Work instructions: Print only the lines from the one with "Автономна 4G камера" through the end of the data, exactly, and please omit pictures.

The data:
------------------------
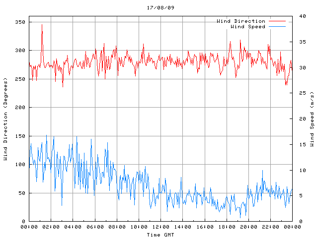 - Max Wind Speed: 16.8 ms-1 Time: 1:35:05 GMT
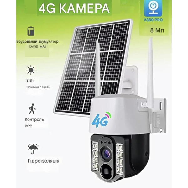 Автономна 4G камера відеоспостереження V380 PRO VC3 із сонячною панеллю й акумулятором 18650, 4 МП, поворотна, біла
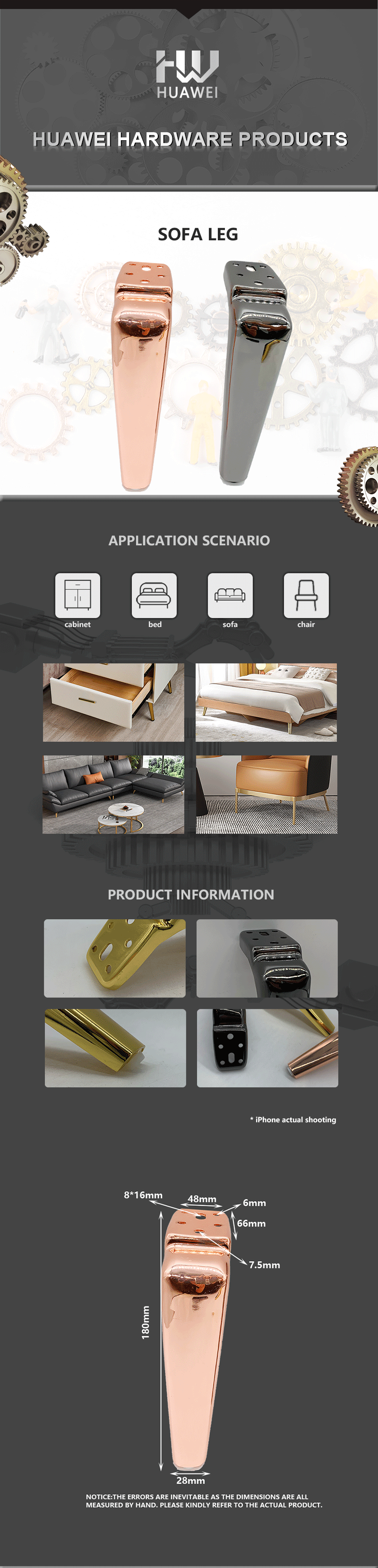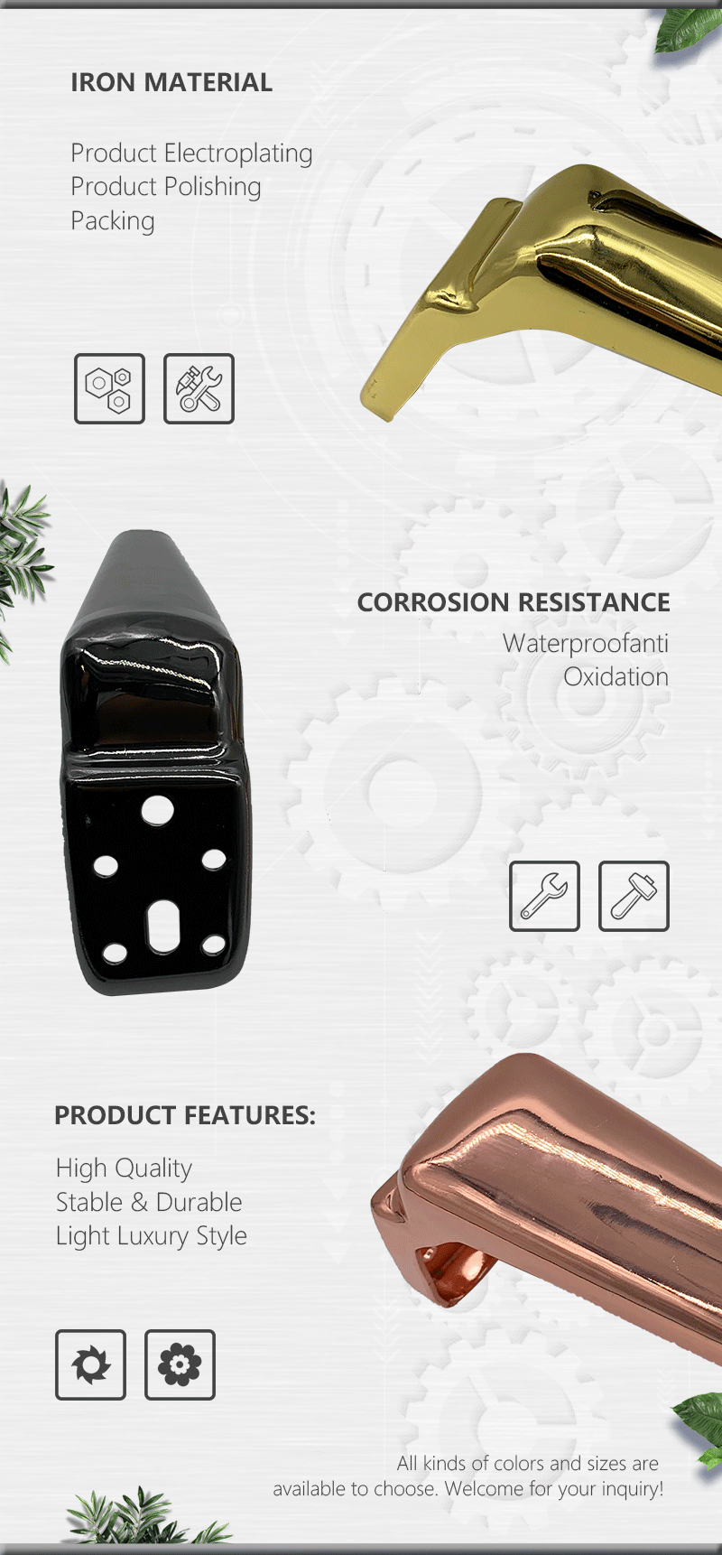 Huawei Furniture Hardware Accessories Metal Plating Polishing Sofa Legs Bed Foot Chair Feet Coffee Table Leg for Bedroom Living room
------------------------
Exercise output:
 Автономна 4G камера відеоспостереження V380 PRO VC3 із сонячною панеллю й акумулятором 18650, 4 МП, поворотна, біла
 Huawei Furniture Hardware Accessories Metal Plating Polishing Sofa Legs Bed Foot Chair Feet Coffee Table Leg for Bedroom Living room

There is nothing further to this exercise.